Coughing is commonly not from the common cold
A leading cause of respiratory disease in children is Respiratory Syncytial Virus (RSV), producing over 3 million cases of lower respiratory illness and about 100,000 deaths annually (Nair et al. 2010). RSV is classified as a virus in the family Paramyxoviridae, which are all non-segmented negative sense RNA viruses. Other viruses that utilize this method of replication include Mumps virus, Human Metapneumovirus (hMPV), and Henipavirus, the inspiration of the movie Contagion. Like most viruses that cause respiratory symptoms, including viruses that cause common cold, numbers of RSV infections increase in winter months when people spend more time indoors (Florida is weird).
Nearly all children will encounter RSV, but only 2-3% will require hospitalization. However, the real trouble is re-infection. Typically after your immune system develops antibodies against an antigen, it can recall the “memory” of the infection to produce specific antibodies and lymphocytes to prevent re-infection by the same agent. However, this “memory” can fade, and is of particular concern with RSV.
Challenge experiments have shown that 73% of adults became reinfected a second time within 26 months, and 43% became reinfected a third time with apparent symptoms in the majority of the cases (Hall et al. 1991). In short, the virus is capable of reinfecting healthy individuals, and immunity is relatively short-lived. This also makes it particularly difficult to produce a vaccine that does not need to be administered annually.
An appropriate adaptive immune response requires the activity of dendritic cells (DCs). In short, DCs are antigen presenter cells, and direct the T-cell and B-cell response at a particular target. DCs move from a site of infection to the lymph nodes in order to activate the proliferation of the proper lymphocytes to defend against a particular pathogen (a short video is provided below). DC migration is directed primarily by chemokines, or signalling proteins that the DC recognizes through the receptor CCR7. Without CCR7, the DC’s ability to detect chemokines is severely diminished, and without migration to the lymph node, downstream activation of the adaptive immune response is absent.
In the 2011 paper in PLOS Pathogens by Nouen et al., the authors demonstrate that RSV infection leads to a decrease in the expression of CCR7 in DCs during infection.

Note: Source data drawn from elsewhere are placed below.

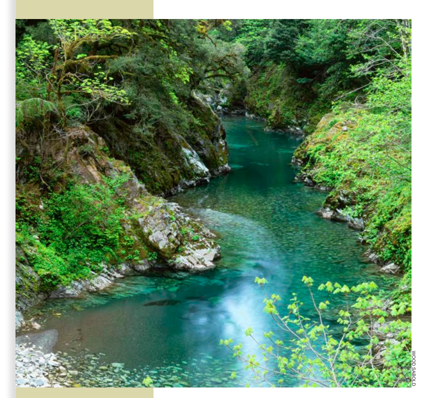
Elk River provides critical salmon and steelhead habitat.
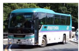
JR Bus Tohoku's "Mizuumi" (Aomori Station - Lake Towada)
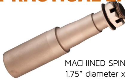
MACHINED SPINDLE 1.75" diameter x 8" MT/PT #P002 VT #P202
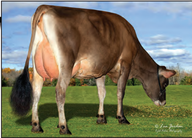
DP AXIS MCKENNA 1983-ET, VG-88% Grandam of Lot 4
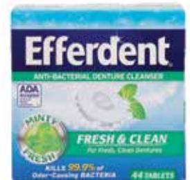
Efferdent® Plus Mint Tablets Item No. 1653
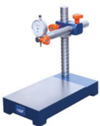
LCS - 13
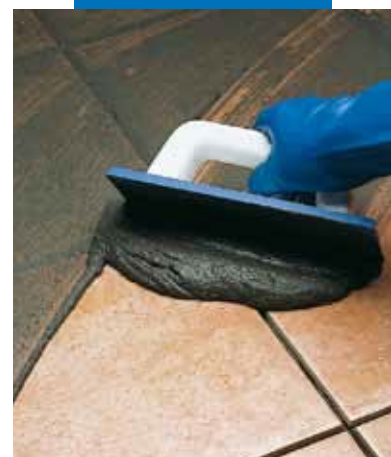
Grouting single-fired tiles with a float
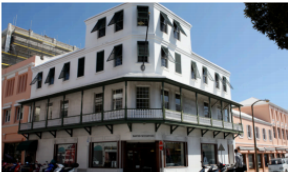
2 Reid Street
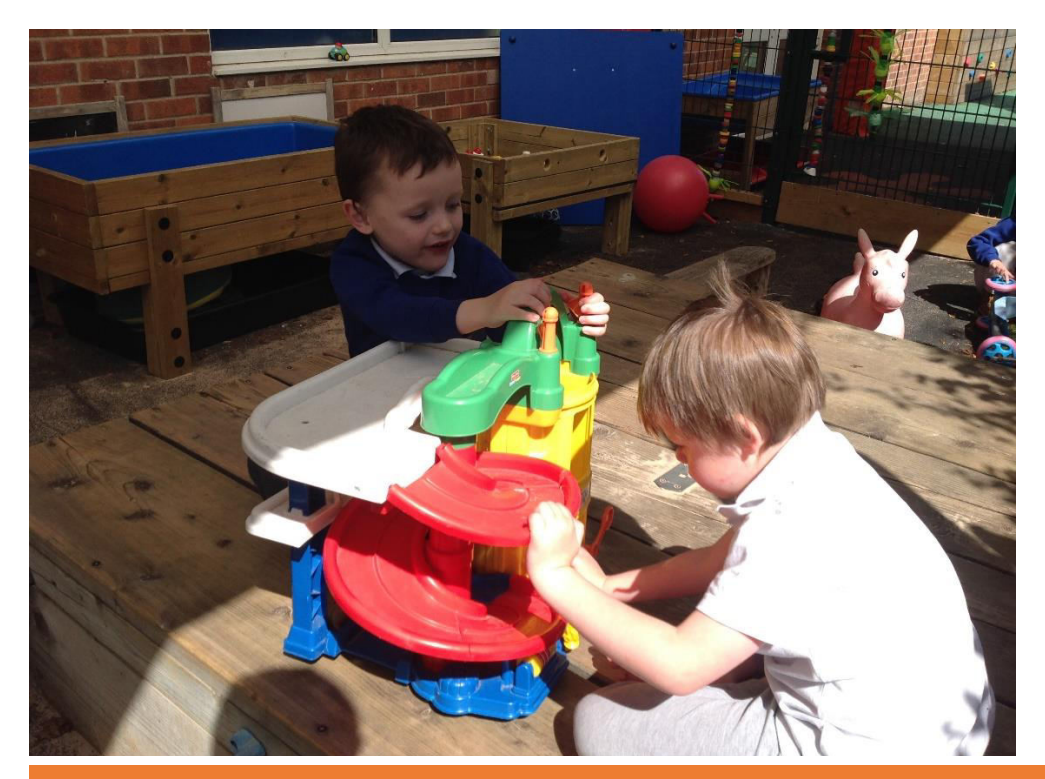
THIS TERM OUR TOPIC HAS BEEN: FARM ANIMALS

RSV alters dendritic cell migration, and reduces DC migration to the lymph nodes.I This finding suggests that RSV is capable of regulating the immune response by reducing the activation of lymphocytes. Measles virus, another paramyxovirus, has also been shown inhibit DC migration through the modulation of CCR7 expression.
I would again like to highlight the incredible adaptability of pathogens to persist in an environment. Viruses have evolved to persist in even the harshest of all environments, including the human immune system, which is tasked with the very specific job of fighting these viruses.
Despite being known as a clinically significant human pathogen since the 1950s, a vaccine for RSV is still unavailable. However, a better understanding of how RSV modulates immunity gives us a clearer picture of why RSV vaccine development is so difficult. In contrast to Ebolavirus, RSV is very well adapted to humans, and rarely kills its host, but the disease burden of RSV is certainly significant.
Fortunately, basic research into mechanisms of pathogenesis is leading us in the right direction. But what you may believe to be a “common cold” (which may actually be caused by any number of viruses including rhinovirus, adenovirus, or coronavirus) can be RSV. Persistent infection should have you worried, but at least it’s not Ebola.